I think you have a very narrow view of what professionals use if these are the types of claims you are making. As just one example, Junkie XL and Hans Zimmer both run Cubase on Windows machines. Are they amateurs? Do they not need stability given they are working on $100 million films? I guarantee you they need it much more than you.

You say you're a songwriter and producer? Well Ian Kirkpatrick uses Cubase and he's one of the most successful and busy songwriters currently. You know the DAW that nobody of any notable success or credentials uses (as far as I can tell - otherwise it would be marketed all over)? Studio One. Maybe you can be the first with your "actual songwriting" though.


----------



## Sombreuil

ALittleNightMusic said:


> You know the DAW that nobody of any notable success or credentials uses (as far as I can tell - otherwise it would be marketed all over)? Studio One.


Presonus have a video on their Youtube channel in which the composer Yuki Hayashi explains why he's using Studio One. I won't link it because what he says makes no sense, but at least there is one.
I know that your goal was not to discredit Studio One, but I see more and more Japanese composers/producers/you name it using it.


----------



## The Gost

I didn't know that Hans Zimmer and others were non-professionals and amateurs that's the news of the year I'm very excited !


----------



## Favedave

I think you Windows fanbois forgot the title of this whole thread: "WHY DID YOU LEAVE CUBASE?" I gave a buncha great reasons!


----------



## syrinx

I had to learn Cubase in school when I was 16. At uni we had to learn DP, and it was tough but I ended up liking it. I use Logic when teaching since the university is using that. I have tried Reaper and liked it, although it had a steep learning curve coming from Cubase/Logic at least.

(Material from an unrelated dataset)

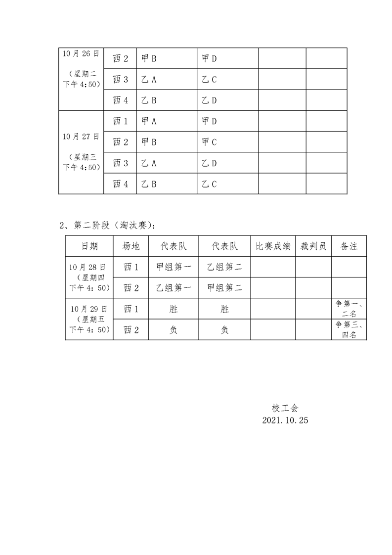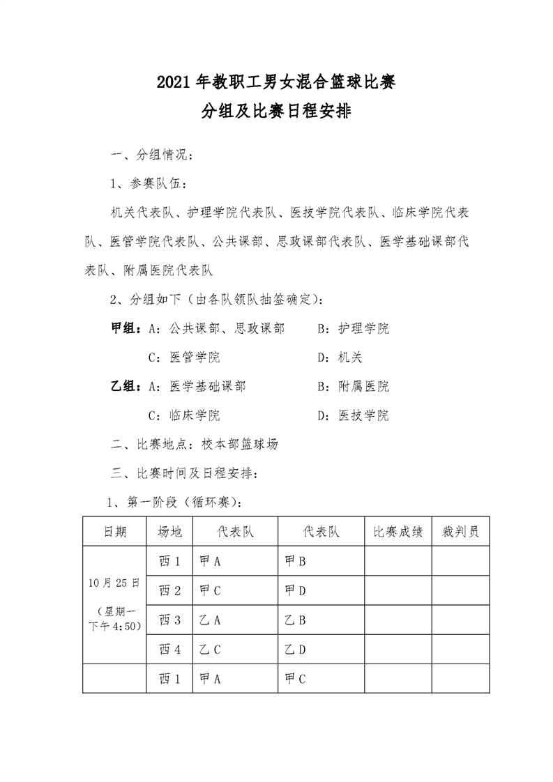 2021年教职工篮球赛比赛日程安排
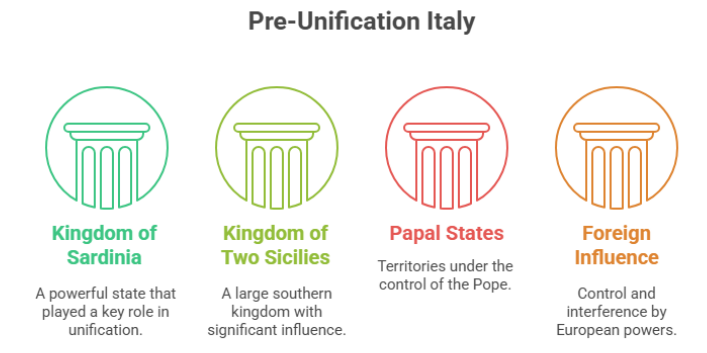 Before the Unification of Italy, the Italian peninsula was divided into multiple independent states and territories. These included the Kingdom of Sardinia, the Kingdom of the Two Sicilies, the Papal States, and various duchies and republics. Many of these regions were under foreign rule or influence from Austria, France, and Spain, which greatly obstructed any collective national movement.

In the end, I have always come back to Cubase. It's the first DAW I used and for better or worse, Cubase's way of doing things is how I expect/want a DAW to work. I feel it's a bit clunky sometimes and I know I'll never really learn it properly - I know I could just sit down and learn all the arcane features, but I get by with the "basics". In any case, I keep circling back to Cubase. It's like a curse.  

I would recommend testing all DAWs and go for the one that feels most intuitive to you. 

FWIW, I have been intrigued by S1 and will download a demo now (the VSL integration looks promising). I expect to be back in Cubase shortly though...


----------



## dgburns

Favedave said:


> I think you Windows fanbois forgot the title of this whole thread: "WHY DID YOU LEAVE CUBASE?" I gave a buncha great reasons!


I guess people who are ‘Songwriterriter’ must have great reasons for leaving Cubase. I was never one of those.

K, I’m officially done with this thread. Your fantastical glorious 14 posts have left me in rapturous wonderment.

Over and out.


----------



## diswest

dgburns said:


> I guess people who are ‘Songwriterriter’ must have great reasons for leaving Cubase. I was never one of those.
> 
> K, I’m officially done with this thread. Your fantastical glorious 14 posts have left me in rapturous wonderment.
> 
> Over and out.


That's either troll or fool, don't mind.

Back to topic.
I plunged into abyss of the new MIDI Remote feature, and while it's potentially very powerful thing, it's half-baked and I'm afraid Steinberg may drop Generic Remote entirely before MIDI Remote gets mature enough to provide the same possibilities.
It would be quite destructive for many of us who use Metagrid or other mapped controllers.


----------



## José Herring

Favedave said:


> I think you Windows fanbois forgot the title of this whole thread: "WHY DID YOU LEAVE CUBASE?" I gave a buncha great reasons!


By this if you mean false and erroneous and ill-informed reasons. Yes you did exceedingly well.


----------



## dylanmixer

@Favedave It's not that you're offtopic. It's just that everything you say is so cringey and wrong.


----------



## José Herring

dylanmixer said:


> @Favedave It's not that you're offtopic. It's just that everything you say is so cringey and wrong.


So harsh. I prefer to think of him as "factually challenged".


----------



## IFM

Honestly, apart from some file management and the real need for them to update the Expression Maps It can do everything the others can, and so far with the project I am working on with a singer in Canada, the Logic version crashed a few times (I blame Opus AU), but the same project replicated in Cubase has been rock solid and thanks to whoever suggested DDMF as now I'm able to run Rosetta AU's in Cubase with no noticeable issues. Mainly using ENGINE for that.


----------



## Gingerbread

Good lord, some folks seem to attach their self-identity to a DAW. Apparently DAWs ought to run for president, given the fervent partisanship.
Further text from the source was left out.